◆ ACTIVITY
From top to bottom, return the listing exactly as it appears, omitting its images.

◆ DATASET CONTENT

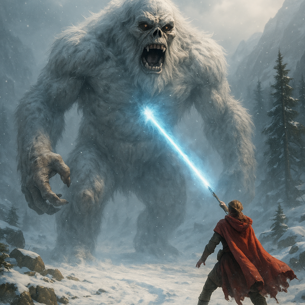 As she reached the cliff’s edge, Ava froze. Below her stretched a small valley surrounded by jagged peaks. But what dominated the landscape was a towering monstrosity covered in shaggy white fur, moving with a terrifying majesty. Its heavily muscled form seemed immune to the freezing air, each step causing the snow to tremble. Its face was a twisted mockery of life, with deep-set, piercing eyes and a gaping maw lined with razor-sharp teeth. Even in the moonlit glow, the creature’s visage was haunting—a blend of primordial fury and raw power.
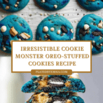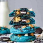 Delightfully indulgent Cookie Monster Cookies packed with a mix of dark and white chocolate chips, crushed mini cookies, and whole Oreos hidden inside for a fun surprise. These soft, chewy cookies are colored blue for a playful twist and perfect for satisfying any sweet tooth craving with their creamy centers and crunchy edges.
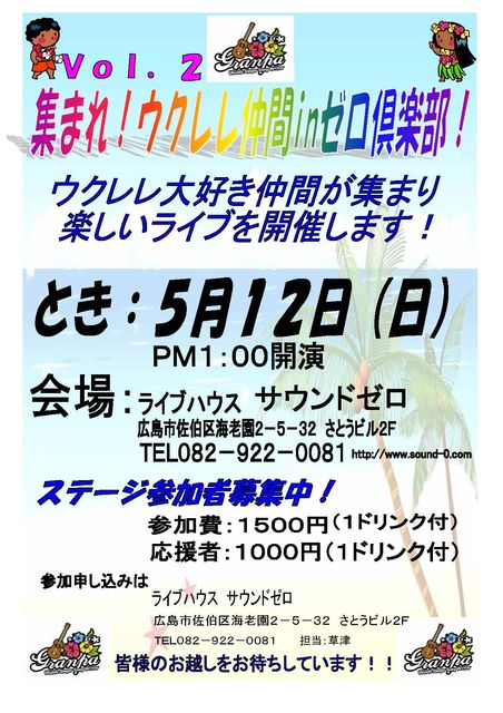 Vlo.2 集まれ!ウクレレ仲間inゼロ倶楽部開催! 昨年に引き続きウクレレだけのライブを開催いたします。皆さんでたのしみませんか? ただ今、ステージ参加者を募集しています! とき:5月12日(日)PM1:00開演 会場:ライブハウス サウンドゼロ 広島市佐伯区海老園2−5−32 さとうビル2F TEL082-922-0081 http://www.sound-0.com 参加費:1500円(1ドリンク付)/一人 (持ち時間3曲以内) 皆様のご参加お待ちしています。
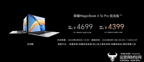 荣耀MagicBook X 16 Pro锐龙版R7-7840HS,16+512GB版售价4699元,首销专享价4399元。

◆ TASK RESPONSE
 As she reached the cliff’s edge, Ava froze. Below her stretched a small valley surrounded by jagged peaks. But what dominated the landscape was a towering monstrosity covered in shaggy white fur, moving with a terrifying majesty. Its heavily muscled form seemed immune to the freezing air, each step causing the snow to tremble. Its face was a twisted mockery of life, with deep-set, piercing eyes and a gaping maw lined with razor-sharp teeth. Even in the moonlit glow, the creature’s visage was haunting—a blend of primordial fury and raw power.
 Delightfully indulgent Cookie Monster Cookies packed with a mix of dark and white chocolate chips, crushed mini cookies, and whole Oreos hidden inside for a fun surprise. These soft, chewy cookies are colored blue for a playful twist and perfect for satisfying any sweet tooth craving with their creamy centers and crunchy edges.
 Vlo.2 集まれ!ウクレレ仲間inゼロ倶楽部開催! 昨年に引き続きウクレレだけのライブを開催いたします。皆さんでたのしみませんか? ただ今、ステージ参加者を募集しています! とき:5月12日(日)PM1:00開演 会場:ライブハウス サウンドゼロ 広島市佐伯区海老園2−5−32 さとうビル2F TEL082-922-0081 http://www.sound-0.com 参加費:1500円(1ドリンク付)/一人 (持ち時間3曲以内) 皆様のご参加お待ちしています。
 荣耀MagicBook X 16 Pro锐龙版R7-7840HS,16+512GB版售价4699元,首销专享价4399元。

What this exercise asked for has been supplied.